“The people have the power, all we have to do is awaken that power in the people. The people are unaware. They’re not educated to realize that they have power. The system is so geared that everyone believes the government will fix everything. We are the government.”—John Lennon
Twenty years into the 21st century, and what do we have to show for it?
Government corruption, tyranny and abuse have propelled us at warp speed towards a full-blown police state in which egregious surveillance, roadside strip searches, police shootings of unarmed citizens, censorship, retaliatory arrests, the criminalization of lawful activities, warmongering, indefinite detentions, SWAT team raids, asset forfeiture, police brutality, profit-driven prisons, and pay-to-play politicians have become the new normal.
Here’s just a small sampling of the laundry list of abuses—cruel, brutal, immoral, unconstitutional and unacceptable—that have been heaped upon us by the government over the past two decades.

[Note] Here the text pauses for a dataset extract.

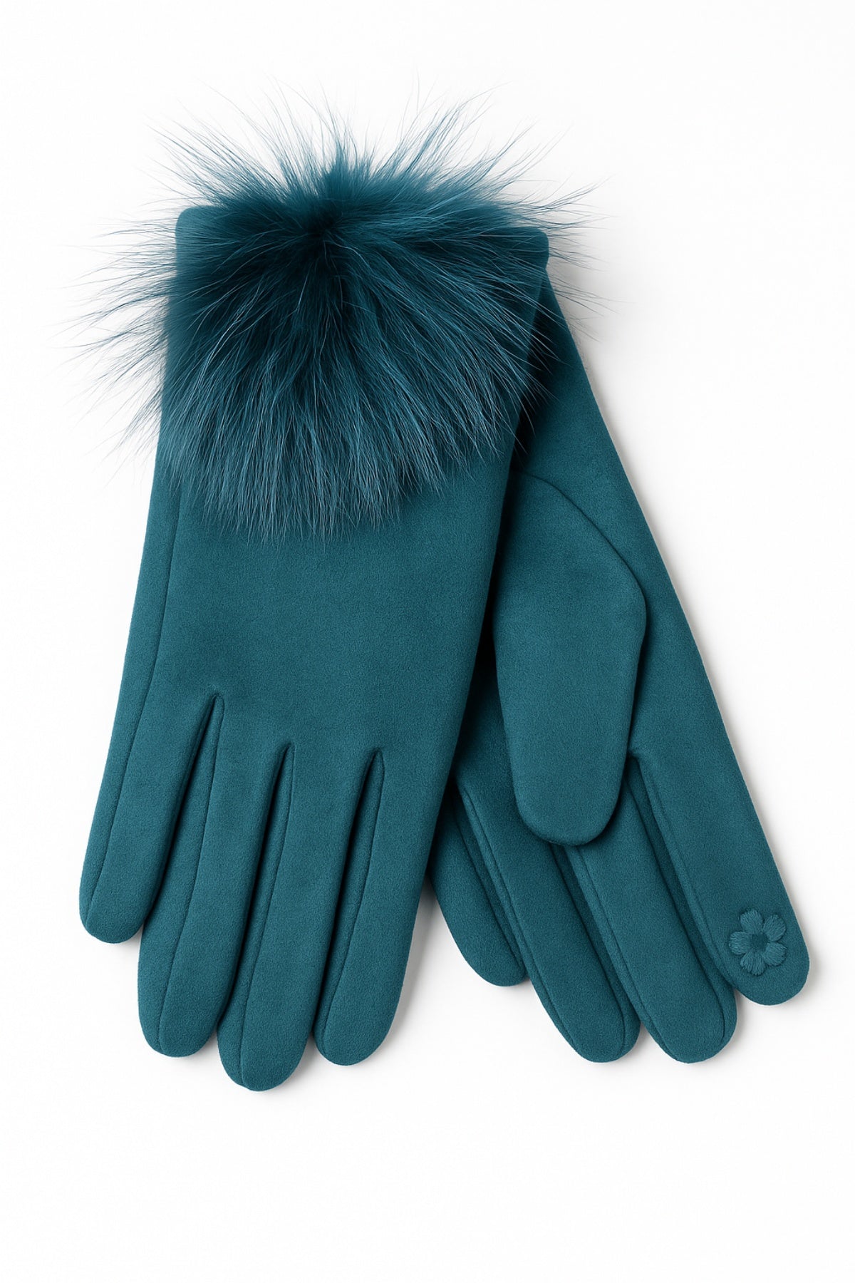 Γάντια απο σουέτ ύφασμα με διακοσμητικό φουντάκι απο φυσική τρίχα. Εσωτερική φλίς επένδυση.

The government failed to protect our lives, liberty and happiness. The predators of the police state wreaked havoc on our freedoms, our communities, and our lives. The government didn’t listen to the citizenry, refused to abide by the Constitution, and treated the citizenry as a source of funding and little else. Police officers shot unarmed citizens and their household pets. Government agents—including local police—were armed to the teeth and encouraged to act like soldiers on a battlefield. Bloated government agencies were allowed to fleece taxpayers. Government technicians spied on our emails and phone calls. And government contractors made a killing by waging endless wars abroad.

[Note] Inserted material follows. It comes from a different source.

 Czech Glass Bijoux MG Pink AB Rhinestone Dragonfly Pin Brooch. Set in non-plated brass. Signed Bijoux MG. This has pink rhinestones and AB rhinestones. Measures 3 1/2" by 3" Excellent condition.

The American President became more imperial. Although the Constitution invests the President with very specific, limited powers, in recent years, American presidents (Trump, Obama, Bush, Clinton, etc.) claimed the power to completely and almost unilaterally alter the landscape of this country for good or for ill. The powers that have been amassed by each successive president through the negligence of Congress and the courts—powers which add up to a toolbox of terror for an imperial ruler—empower whomever occupies the Oval Office to act as a dictator, above the law and beyond any real accountability. The presidency itself has become an imperial one with permanent powers.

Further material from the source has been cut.